Work to be completed: The pictures are to be omitted when the entries are reproduced exactly.

****

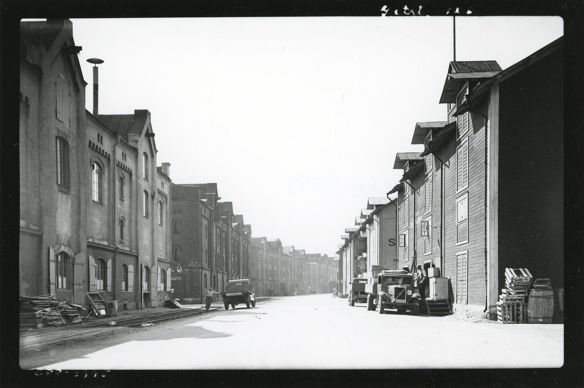 Titel: Magasinsgatorna på Alderholmen, bilden tagen 1937-38.
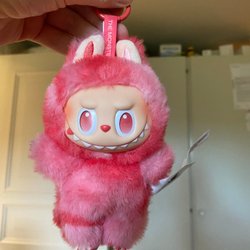 Säljer en outfit till Labubu. Setet innehåller en vit t-shirt med texten 'Supstar' och ett par beiga byxor. Observera att skor och väska inte ingår.
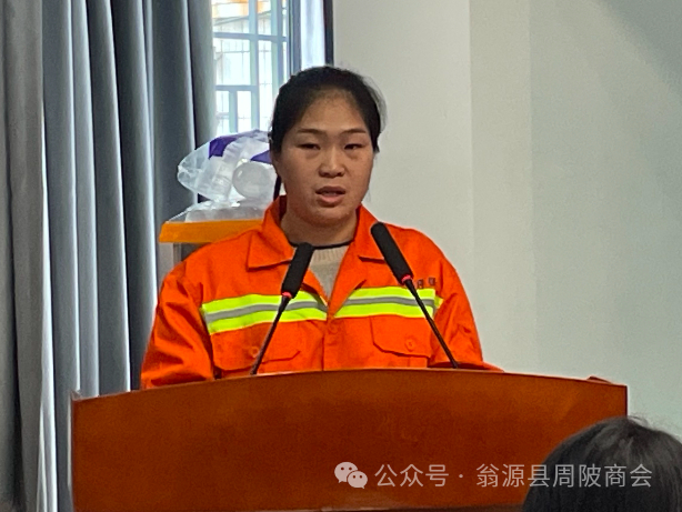 环卫工作者代表许敏会表示感谢商会和政府对我们一线环卫工人的关心和牵挂,环卫工人代表的是广大基层劳动者,为了家乡的建设和周陂的环卫事业更进一步的发展,无论是刮风下雨,还是严寒酷暑,她们始终坚守岗位,就是为了大家能有个干净整洁和宜居的环境。正是有了各级领导和周陂商会以及社会上对我们环卫工人的关心与关爱,我们更有干劲,今后将更加坚定信念,为了家乡小镇的洁净宜居再脏再累也将更加努力。
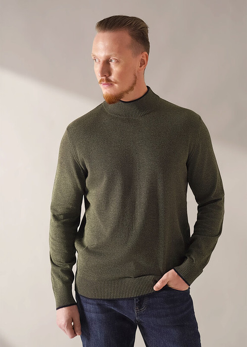 Джемпер мужской из смесовой хлопковой пряжи с длинным рукавом и воротником стойкой. Прекрасно сохраняет тепло, комфортный в носке, отличное решение на прохладное время года. Комбинируется с джинсами или брюками.
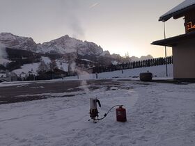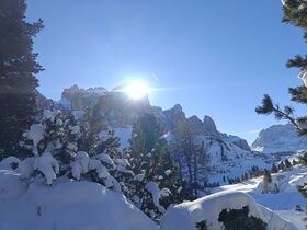 Schneelage: In den Dolomiten liegen etwa 10-20cm Schnee - heute auch südseitig noch sehr fluffig. Skitouren abseits der Pisten, wo momentan die Schneekanonen laufen (Saisonstart voraussichtlich 3. Dezember), machen wenig Sinn. Für Schneeschuhe bräuchte es auch 20cm mehr Schnee. Heute haben wir gar keine spezielle Ausrüstung benötigt.
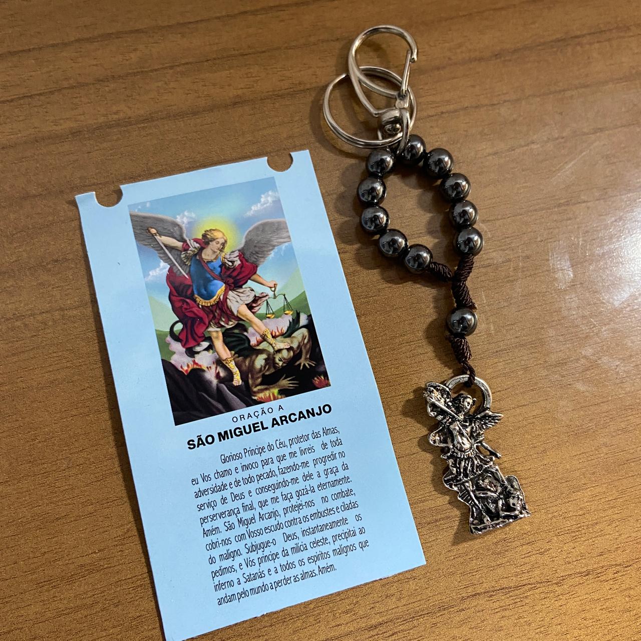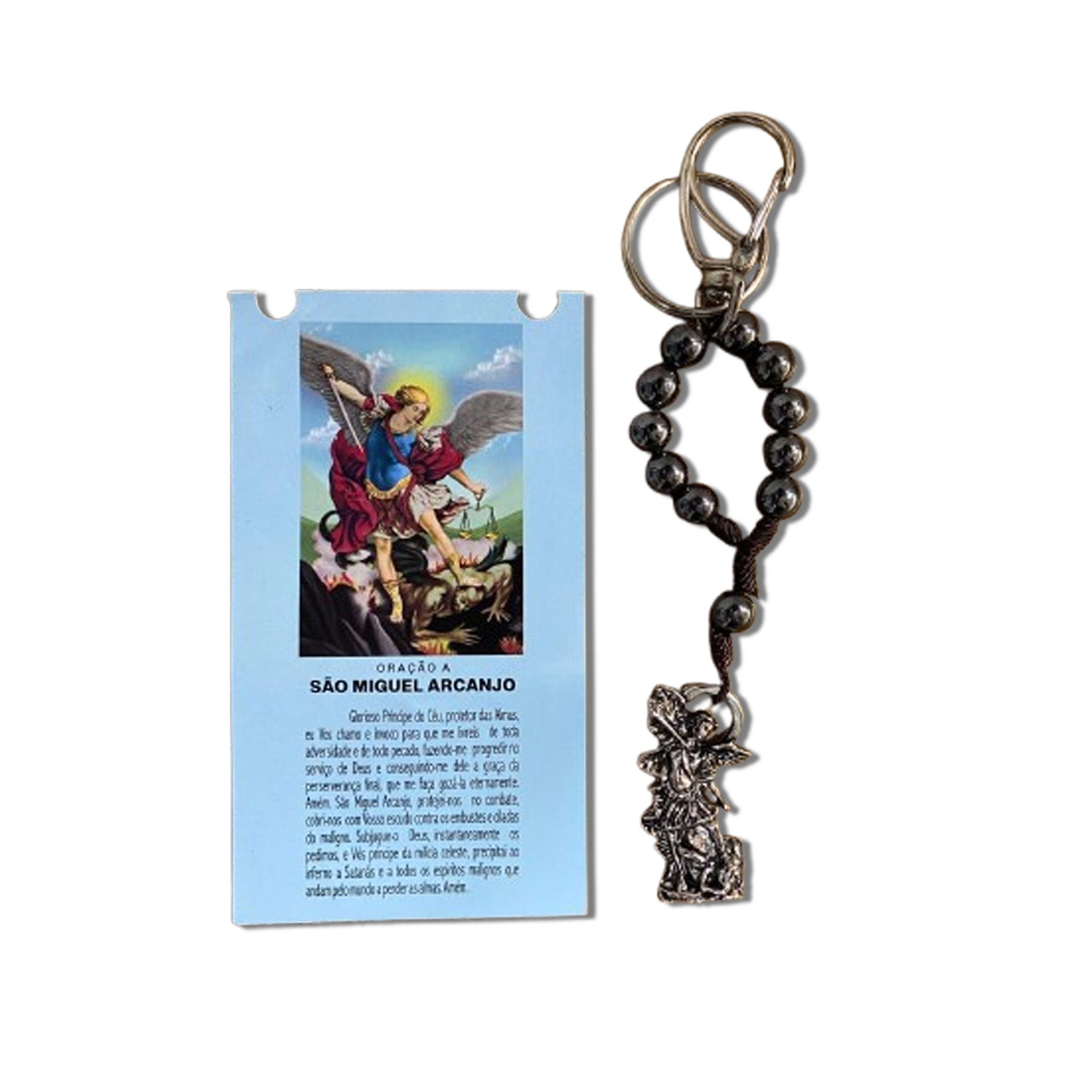CHAVEIRO DEZENA HEMATITA COM MOSQUETE SÃO MIGUEL ARCANJO (3 UNIDADES)

****

Task result:
 Titel: Magasinsgatorna på Alderholmen, bilden tagen 1937-38.
 Säljer en outfit till Labubu. Setet innehåller en vit t-shirt med texten 'Supstar' och ett par beiga byxor. Observera att skor och väska inte ingår.
 环卫工作者代表许敏会表示感谢商会和政府对我们一线环卫工人的关心和牵挂,环卫工人代表的是广大基层劳动者,为了家乡的建设和周陂的环卫事业更进一步的发展,无论是刮风下雨,还是严寒酷暑,她们始终坚守岗位,就是为了大家能有个干净整洁和宜居的环境。正是有了各级领导和周陂商会以及社会上对我们环卫工人的关心与关爱,我们更有干劲,今后将更加坚定信念,为了家乡小镇的洁净宜居再脏再累也将更加努力。
 Джемпер мужской из смесовой хлопковой пряжи с длинным рукавом и воротником стойкой. Прекрасно сохраняет тепло, комфортный в носке, отличное решение на прохладное время года. Комбинируется с джинсами или брюками.
 Schneelage: In den Dolomiten liegen etwa 10-20cm Schnee - heute auch südseitig noch sehr fluffig. Skitouren abseits der Pisten, wo momentan die Schneekanonen laufen (Saisonstart voraussichtlich 3. Dezember), machen wenig Sinn. Für Schneeschuhe bräuchte es auch 20cm mehr Schnee. Heute haben wir gar keine spezielle Ausrüstung benötigt.
CHAVEIRO DEZENA HEMATITA COM MOSQUETE SÃO MIGUEL ARCANJO (3 UNIDADES)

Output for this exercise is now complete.